In 1908–9, Barstow was the president of the National Irrigation Congress, the leading organization interested in water projects in the West, and he was in charge of the annual convention in 1909 in Spokane, Washington. A Los Angeles Times reporter wrote about the impending congress that Barstow "has been a prime mover in inducing the federal government to build the systems that will make fertile over 3,000,000 acres of land which once was a desert." In an interview, Barstow predicted that isolated farmhouses would become "a thing of the past" and that farmers would commute from their homes to farms via fast horses or automobiles or interurban streetcars. He added:

The government is laying out towns every five miles. . . . The farms will be small, ten to forty acres, and the farming intensive. Under these circumstances, the farmers will live in towns of 1500 to 2000 people, enjoying all the benefits of urban life — schools, churches and social life. . . . A tide from the city to the country has already set in. Many college graduates have chosen farming on irrigated tracts for their life work.

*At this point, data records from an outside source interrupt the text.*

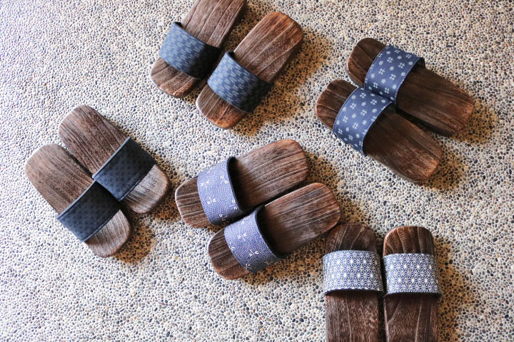落ち着いた和柄と幅広の履きやすさ、 肌触りが魅力の桐焼磨きサンダル。
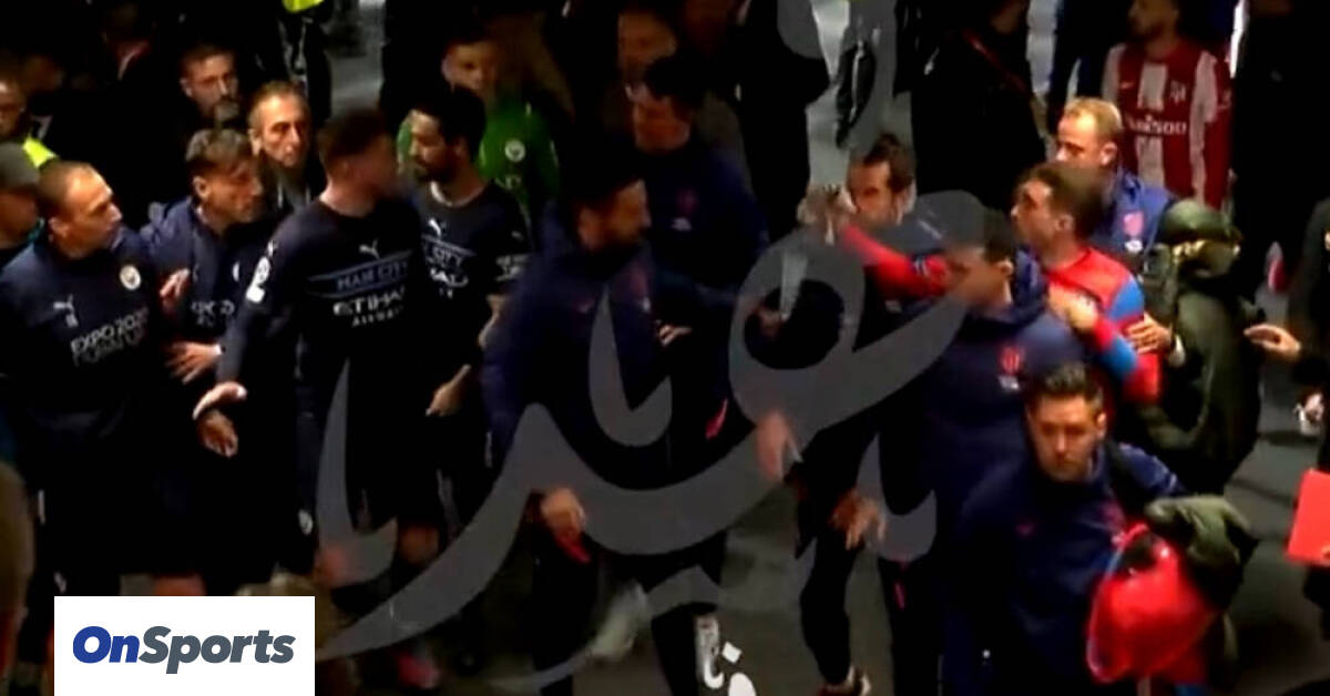 BINTEO: Χαμός στη φυσούνα στη Μαδρίτη, επενέβη η αστυνομία! 14/04/2022 Τεταμένο ήταν το κλίμα με τη λήξη της αναμέτρησης του «Γουάντα Μετροπολιτάνο» ανάμεσα στους παίκτες της Ατλέτικο Μαδρίτης και της Μάντσεστερ Σίτι.  Όπως αναφέρουν βρετανικά ΜΜΕ, χρειάστηκε η επέμβαση της αστυνομίας για να μην ξεφύγει εντελώς η κατάσταση στη φυσούνα ανάμεσα στους ποδοσφαιριστές των δύο ομάδων. Μάλιστα, στα ρεπορτάζ αναφέρεται πως έπεσαν αρκετές «ψιλές» ανάμεσα σε παίκτες και άλλα άτομα των δύο αποστολών!  Ταυτόχρονα όπως σημειώνει το «BT Sports» ο Σάβιτς με τον Γκρίλις έδωσαν συνέχεια στα όσα συνέβησαν στον αγωνιστικό χώρο, όπου ο Μαυροβούνιος έπιασε από τα μαλλιά τον
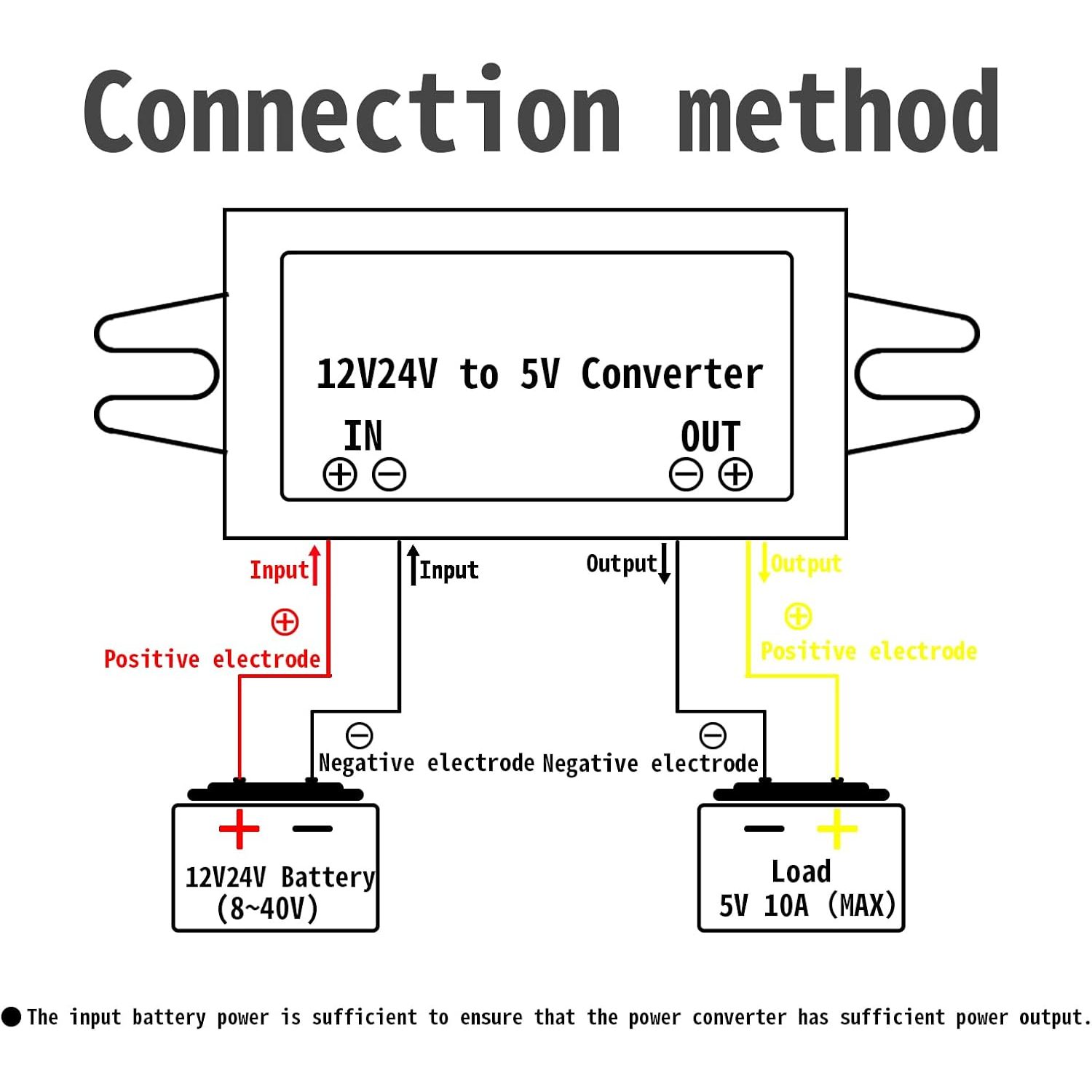 | Wire Configuration | Red (positive input), Yellow (positive output), Black (ground) |

In his opening speech at the Spokane congress, Barstow urged the government to find work for (overseas) immigrants "out West," to provide them with transportation and to lend them money to establish homes. He asked:

Shall I, who have always been broadly conservative, be regarded as preaching paternalism or as socialistic in my purpose when suggesting that the duty of the National Government may be found in providing under proper safeguard a fund which may be used to make loans of suitable amount to enable this thrifty and frugal class of people to locate their homes . . . ?

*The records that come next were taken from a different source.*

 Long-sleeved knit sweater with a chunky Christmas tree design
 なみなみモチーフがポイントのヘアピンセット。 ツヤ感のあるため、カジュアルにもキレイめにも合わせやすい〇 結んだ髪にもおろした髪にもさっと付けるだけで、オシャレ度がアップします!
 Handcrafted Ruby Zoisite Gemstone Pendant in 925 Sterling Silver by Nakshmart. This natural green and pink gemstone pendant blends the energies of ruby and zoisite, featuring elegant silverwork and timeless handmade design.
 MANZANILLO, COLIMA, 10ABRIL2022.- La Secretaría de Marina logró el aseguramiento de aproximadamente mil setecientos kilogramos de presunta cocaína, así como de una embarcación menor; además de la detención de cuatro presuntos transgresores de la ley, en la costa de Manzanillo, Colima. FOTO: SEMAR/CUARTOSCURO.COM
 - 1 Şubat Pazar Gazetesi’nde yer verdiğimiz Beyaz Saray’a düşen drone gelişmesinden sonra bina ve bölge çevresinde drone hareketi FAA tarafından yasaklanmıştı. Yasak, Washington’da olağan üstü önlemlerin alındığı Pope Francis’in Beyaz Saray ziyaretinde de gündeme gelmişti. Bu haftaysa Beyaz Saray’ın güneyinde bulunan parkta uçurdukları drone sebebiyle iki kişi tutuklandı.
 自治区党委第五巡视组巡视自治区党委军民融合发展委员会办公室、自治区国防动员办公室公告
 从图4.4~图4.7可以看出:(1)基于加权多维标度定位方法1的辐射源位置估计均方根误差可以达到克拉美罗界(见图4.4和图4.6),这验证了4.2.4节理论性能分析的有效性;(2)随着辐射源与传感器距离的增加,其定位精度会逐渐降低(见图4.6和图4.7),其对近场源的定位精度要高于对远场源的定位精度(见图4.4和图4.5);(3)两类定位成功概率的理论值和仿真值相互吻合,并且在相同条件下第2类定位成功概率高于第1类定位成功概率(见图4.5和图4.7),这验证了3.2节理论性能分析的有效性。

Barstow was head of the National Immigration Commission in 1912, and he sent a message to the first convention of the American Immigration and Distribution League in New York City in April of that year "stating that 65 per cent. of the immigrants who came to the country were farm laborers, and that the United States Government ought to establish an Immigrant Land Loan Fund, which would advance small sums to immigrants who settled on Western lands."

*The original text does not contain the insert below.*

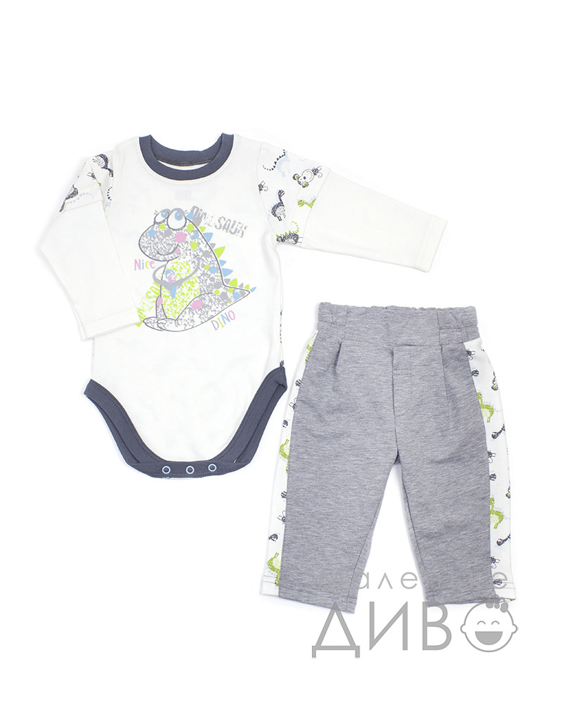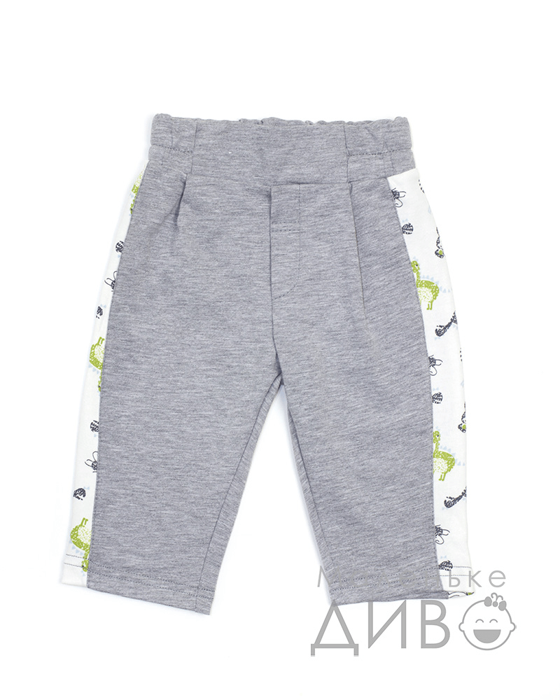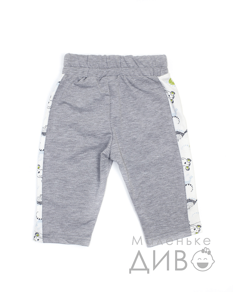 Трикотажные брюки подойдут для прогулок на улице, идеально подходят к боди с артикулом 010230040. Эти штаны (брюки) пошиты из однотонного трикотажа серого цвета и украшенные по бокам вставками из трикотажа с орнаментом в виде животных. Штанишки держатся на широкой резинке.

===Offices and memberships===

- President, National Drainage Congress, 1907–08
- President, eleventh International Irrigation Congress, 1908–09
- Vice president, Texas Conservation Commission
- President, West Texas Reclamation Association
- Member, Conference of Governors, 1908
- Delegate, World Court Congress, Cleveland, 1915
- Life director, Euphrates College, Turkey
- Fellow, Royal Society of Arts, London
- Councilor, World's Purity Congress
- Member and fellow, Society of Applied Psychology, San Francisco
- Member, committee on conferences, American Agricultural Association
- Member, advisory committee of the University Forum, New York
- Member, American Society of International Law
- Member, National Institute of Social Sciences
- Member, Southern Sociological Congress
- Member, National Child Labor Committee
- Member, National Civic Federation
- Member, American Institute of Civics
- Member, Academy of Political Science
- Member, American Society of Judicial Settlement of International Disputes
- Member, International Peace Forum
- Member, League to Enforce Peace
- Member, International World Conscience Society, Rome
- Member, Navy League
- Member, Rhode Island Historical Society
- Member, Empire State Society of the Sons of the American Revolution
- Member, Pennsylvania Academy of Fine Arts
- Member, New York Museum of Natural History

==Personal life==

Barstow was born on November 19, 1849, in Providence, the son of Amos Chafee, a manufacturer, banker, and one of the most prominent men in the city, and Emeline (Mumford) Eames. Young George was educated at a public school and at Mowry and Goff's Classical School in that city. He was married to Clara Drew Symonds on October 19, 1871. They had nine children — Caroline Hartwell, George Eames Jr., Herbert Symonds, Helen Louise, Harold Carleton, Marguerite, Putnam, Donald and a ninth child, John P. or Paris (the sources differ). Barstow, who attended a Congregational church in Providence and a Methodist church in Texas, died on April 30, 1924, in Barstow and was buried in Barstow Cemetery.